Book Review: The Mad, Mad, Mad World of Climatism

Published March 29, 2013

Rush Limbaugh speaks frequently about the new breed of “low-information” voter in America handing President Obama a second term in the White House.

No doubt a disturbing amount of these voters were unaware that Obama’s inauguration on January 21st was a ceremonial re-enactment of the constitutionally required one the day before, and certainly they accepted unquestioningly the line in his ceremonial speech in which he said, “We will respond to the threat of climate change… Some may still deny the overwhelming judgment of science, but none can avoid the devastating impact of raging fires, and crippling drought, and more powerful storms.”

But that particular sentence only stays afloat when no one looks any deeper into it. The most damaging thing that can happen to a politicized thesis such as “climate change” is for more people to actually question it and discover for themselves that it looks like indefensible misinformation. For President Obama and others promoting the idea of man-caused global warming, any kind of plausible opposition to this issue imperils it, so they avoid  exploration of critical viewpoints and instead label them as “deniers”. Case closed.

That is the hallmark of far-left agendas. The global warming issue showcases how spectacularly this tactic fails.

Steve Goreham’s The Mad, Mad, Mad World of Climatism: Mankind and Climate Change Mania — which will have a second print run in April — dives headlong into addressing those who promote the idea of man-caused global warming.

Mad, Mad, Mad World is very effective in revealing the three glaring errors in Obama’s climate change inaugural speech statement. Goreham uncovers the false premise of the “denier” label in his chapter about the funding disparity between wealthy green organizations and the significantly less-funded conservative think-tanks. He points out how the “overwhelming judgment of science” myth falls apart in his “Big Whoppers about Climate Change” chapter, and notions about the supposed ‘devastating impacts’ of global warming crumble apart in his “Wild Weather and Snow Follies” chapter.

The Mad, Mad, Mad World of Climatism addresses all that and more in a very readable way, while placing fun fact tidbits in the page margins which further undermine the global warming crisis narrative from multiple angles. Goreham’s book has over thirty pages of chapter endnotes, most of them featuring web site links leading readers on an ever-widening path of discovery about the issue. A particularly inconvenient truth for those pushing the crisis narrative: neither the companion book for Al Gore’s film nor his 2010 Our Choice book has a single footnote or endnote. Our Choice has vague source references for a few of its charts. The Mad, Mad, Mad World of Climatism has endnotes on all of the short glosses in its margins.

Informed as I already am on the global warming issue, I still found new information in the book that I can use in debates with people on Al Gore’s side.

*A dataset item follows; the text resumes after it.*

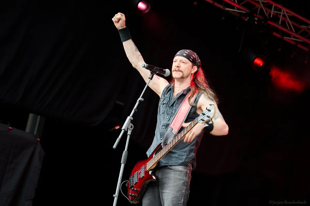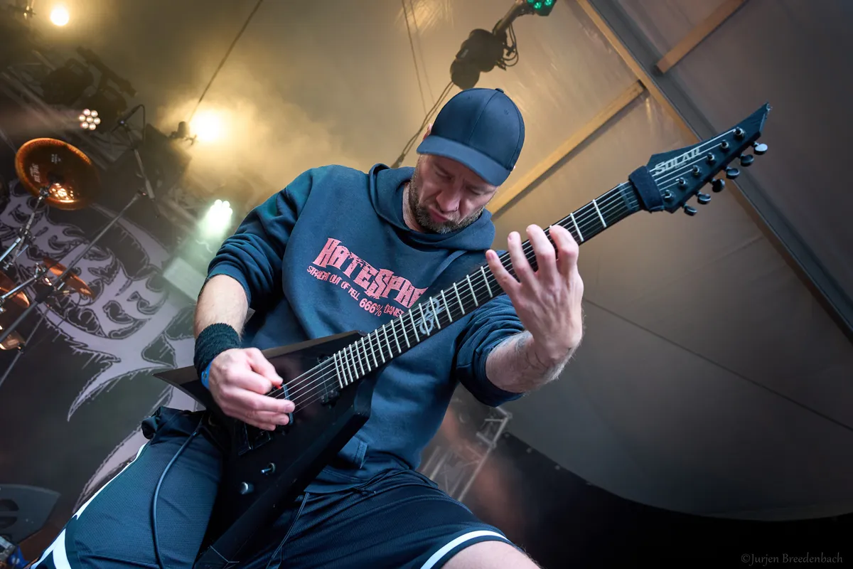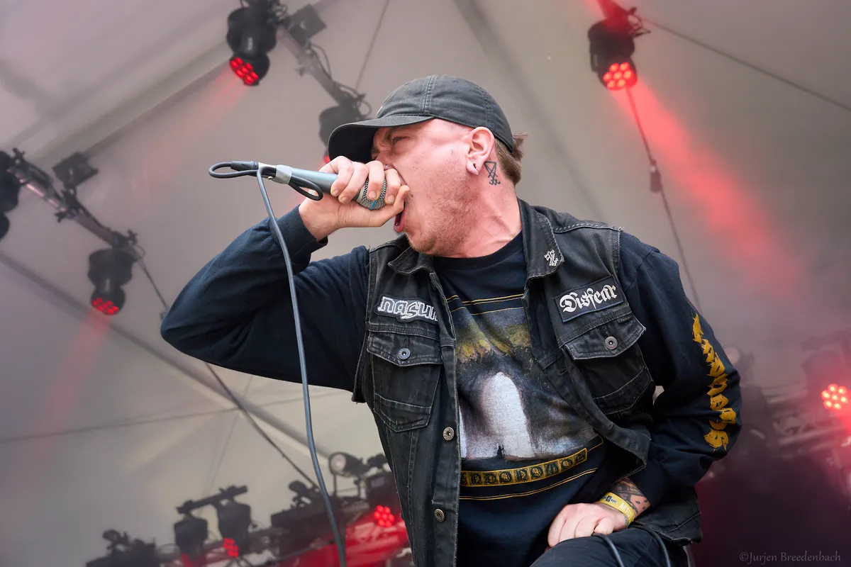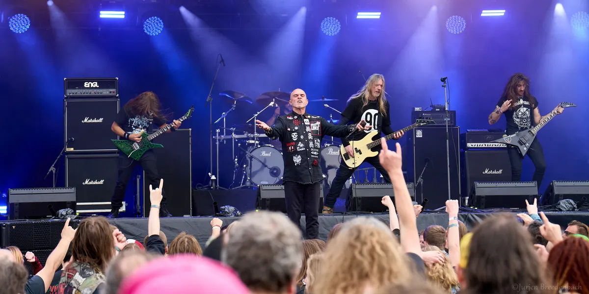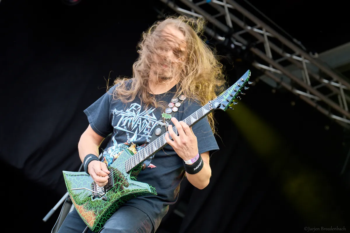 Het uit Los Angeles afkomstige Vio-lence heeft de volumeknop gevonden want de show is aanzienlijk veel luider dan de eerste act Arion. Wat direct opvalt is de bijzondere set-up van de drums, met maar liefst twee bass drums waar drummer Perry Strickland zijn handen de vernieling in slaat. De energie die van het podium afstuift laat het publiek eerst wat versuft achter. Het debuutalbum van de band kwam uit in 1988, dus ze gaan al even mee. Met hier en daar een hiatus is de band sinds 2019 weer samen en kwam hun plaat Let The World Burn uit. Vio-lence doet de naam eer aan, ze zetten vandaag een energieke en agressieve thrashshow neer waarbij er in het milde publiek zelfs een voorzichtige circle pit ontstaat tijdens het nummer Bodies on Bodies. Zanger Sean Killian weet de sociaal/politieke teksten nog altijd met passie over te brengen en laat een enthousiast publiek achter. (Sannette de Groes)

One in particular I hadn’t known about: ex-EPA administrator Carol Browner had suggested “an electric company will be able to hold back some of the power so that maybe your air conditioner won’t operate at its peak”. I did know about the way inquiries into the ClimateGate scandal ended up looking like whitewashes, but Goreham boils that down in a way that any reader can easily understand and use against those who say ClimateGate was an inconsequential matter. Goreham deftly reinforces how the IPCC scientists involved in that matter are still in deep trouble and how the inquiries that supposedly exonerated them have readily-seen faults. I found this refresher especially useful.

As I noted in my review of Goreham’s prior book, Climatism!, his label of “climatists” is quite appropriate, more so than the term “warmist.” My own earliest notice of the so-called global warming crisis movement was the result of being puzzled about what happened to big concerns over global cooling. Goreham brings up that very topic on page 2, an episode emblematic of the need to solve whatever we are perceived to be doing to the planet.

I strongly urge people to buy and read this book, and to keep it on hand for quick reference when those who unquestioningly follow President Obama’s call for action on global warming ratchet up the clamor for action. Allowing such rhetoric to go by without a hitting back is to let the handlers of low-information voters win the day. What these handlers can’t tolerate is their minions losing the debate to high-information voters. Such losses breed more high-information voters, an anathema to the so-called global warming fraternity.

Borrowing an Indy-500 witticism about race drivers: There are those “who have hit the wall and those who will hit the wall.” I apply it to the global warming issue by suggesting there are those who are skeptical of man-caused global warming, and those who will become skeptics after reading skeptic material. The Mad, Mad, Mad World of Climatism is exactly the kind of book capable of accomplishing that transformation.